Shown below are entries with pictures; the line with "- THE SIZE &" through the line with "위에서 초기화된 시리얼" is the span to retype exactly, and the pictures stay out.

Start of RECORDS FOR PROCESSING

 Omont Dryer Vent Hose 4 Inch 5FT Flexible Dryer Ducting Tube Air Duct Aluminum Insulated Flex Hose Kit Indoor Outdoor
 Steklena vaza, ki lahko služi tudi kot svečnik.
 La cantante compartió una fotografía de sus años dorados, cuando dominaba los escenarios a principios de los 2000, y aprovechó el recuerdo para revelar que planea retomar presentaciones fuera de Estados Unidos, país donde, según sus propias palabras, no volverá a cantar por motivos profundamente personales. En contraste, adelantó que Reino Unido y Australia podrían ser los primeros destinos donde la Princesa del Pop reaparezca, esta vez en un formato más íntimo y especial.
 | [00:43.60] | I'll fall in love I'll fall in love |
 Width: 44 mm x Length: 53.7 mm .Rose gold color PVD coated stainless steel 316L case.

End of RECORDS FOR PROCESSING
Start of RECORDS FOR PROCESSING

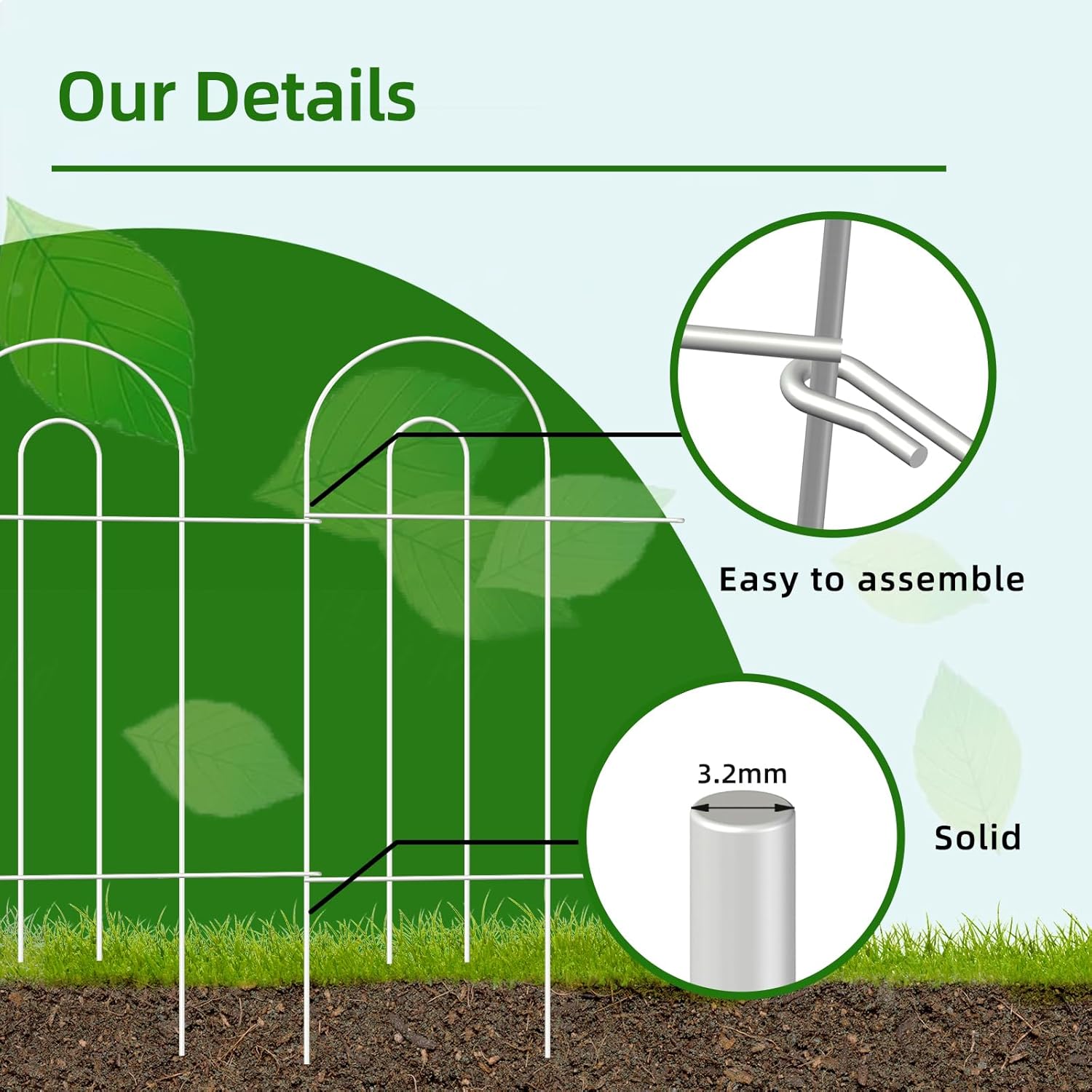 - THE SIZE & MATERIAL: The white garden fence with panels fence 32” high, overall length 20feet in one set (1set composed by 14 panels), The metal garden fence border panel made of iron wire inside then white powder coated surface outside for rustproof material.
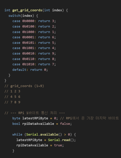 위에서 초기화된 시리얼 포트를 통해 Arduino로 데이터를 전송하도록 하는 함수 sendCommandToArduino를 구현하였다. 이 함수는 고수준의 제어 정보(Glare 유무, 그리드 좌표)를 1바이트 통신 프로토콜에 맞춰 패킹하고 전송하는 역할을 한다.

End of RECORDS FOR PROCESSING

ANSWER SECTION
 - THE SIZE & MATERIAL: The white garden fence with panels fence 32” high, overall length 20feet in one set (1set composed by 14 panels), The metal garden fence border panel made of iron wire inside then white powder coated surface outside for rustproof material.
 위에서 초기화된 시리얼 포트를 통해 Arduino로 데이터를 전송하도록 하는 함수 sendCommandToArduino를 구현하였다. 이 함수는 고수준의 제어 정보(Glare 유무, 그리드 좌표)를 1바이트 통신 프로토콜에 맞춰 패킹하고 전송하는 역할을 한다.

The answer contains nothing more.